We also learned in accounting class that the difference between “making a definite single false claim with provable intent to deceive” and “creating a very false impression and allowing it to remain without correcting it” is not one that you should rely upon to keep you out of jail. Even if your motives are noble.

The last point is particularly important; while any individual statement could be too-charitably parsed as not claiming that there was an imminent threat from Iraq’s balsa wood drones of doom, the collective discourse of the Bush administration leaves no doubt that they were trying to argue that there was an imminent threat. And given the bad faith that can be inferred, dissembling in this case is worse than outright lying.

I also agree with Robin that a lot of this dissembling fit within broader mainstream security discourses (Walzer’s reputation, to put it gently, did not survive the last decade intact.) This worked in another way — throwing in arguments about democracy that became retrospectively more important as the lies about the “threat” posed by Iraq became too obvious to ignore. Which brings us to Julian Sanchez:

I should be beyond surprise of this sort, but it’s still a little striking to see self-righteous dudgeon and disingenuous horseshit combined in such close proximity and copious quantity. Glenn’s reminding everyone of his “link-rich refutation” of the “revisionist” claim that democracy promotion wasn’t part of the rationale for invading Iraq.

Since most of his readers presumably were, like, alive and paying attention in the run-up to the war, I can only assume that this is a case of self deception, in which case it’s a fairly heroic instance of the phenomenon.
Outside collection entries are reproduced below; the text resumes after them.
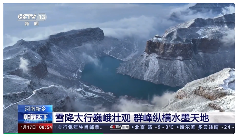 春節(jié)臨近,潔白的瑞雪給大地換上銀裝,太行群峰雪后壯麗景觀盡收眼底!在1月17日央視13套《朝聞天下》,以【雪降太行巍峨壯觀,群峰縱橫水墨天地】對雪后水墨般寶泉美景進行報道。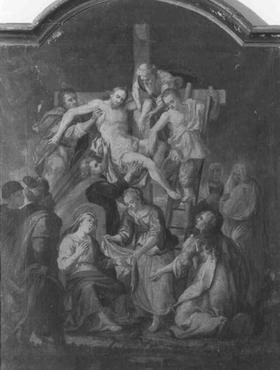 Personaggi: Cristo; Madonna; san Giovanni Evangelista; santa Maria Maddalena; Giuseppe d'Arimatea; Nicodemo. Figure: sacerdoti; pie donne. Oggetti: croce; scala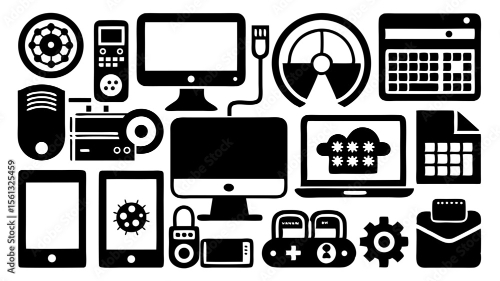 Wall mural collection of black and white technology and computer icons representing digital security and data p - Wall murals Wall mural collection of black and white technology and computer icons representing digital security and data p - Wall murals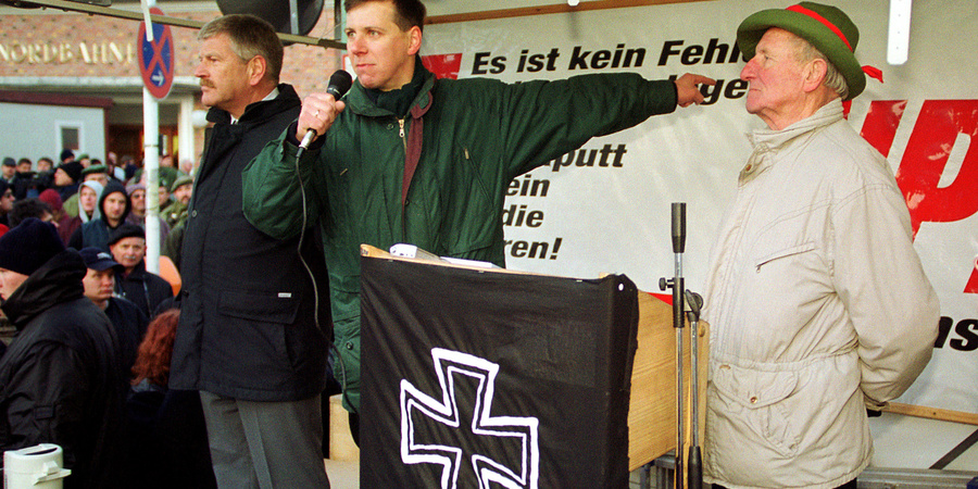 Wolfgang Nahrath (rechts) mit Jörg Hähnel (mitte) und Udo Voigt (links) bei einer NPD-Demonstration im Dezember 2001 in Berlin.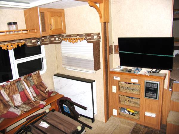 Front and back electric heavy duty stabilizer jacks. Everything works great on this trailer. Addition small refrigerator. Tires (with covers) are also in great shape. New foam mattress. Two propane tanks 32 liter (8.5 gal) eacg. Entry assist handle. Electric brakes on all four wheels. Spare tire.
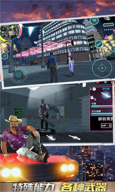 2.场景描述非常逼真,并且有大量的道具和武器可供使用,升级武器并抓捕更多犯罪分子。

The argument appears to be this: Since the value of ousting a despot and incubating a democracy was mentioned as a fringe benefit of removing this dire and immediate threat to American national security, anyone who regards the emphasis placed on it now as an ex-post rationalization for a mistaken policy is engaged in “revisionist history.” Look at all the speeches we can link to where Bush used the words “democracy” and “Iraq” in the same sentence!

Seriously now. We all know that this was advanced as a benefit of the invasion, but gimme a break. If someone sells you “a Porche with a nice stereo system” and you then discover you’ve actually bought a Dodge Dart, are you supposed to be mollified because it actually has had a nice stereo system installed? Democratization was supposed to be a happy side effect of eliminating the WMDs—that was why we had to do this right the fuck now before the “smoking gun” came in the form of a “mushroom cloud,” why we couldn’t keep pushing for a diplomatic solution. Anyone else remember that?

[…]

And as a commenter reminds me, of course, we effectively offered all along to do nothing military if Saddam “disarmed.” How does that square with democratization being a significant reason (as opposed to a fringe benefit) for the invasion? Our own government was pretty explicit about it not being a good enough reason on its own: No WMD meant no invasion.

While his arguments were obviously far less influential than his buddy Judy Miller’s, I hope somebody is working on the greatest Iraq-related moments of Instahackery.

UPDATE: A good compilation in re: the final request. That is a truly impressive quality and quantity of hackery.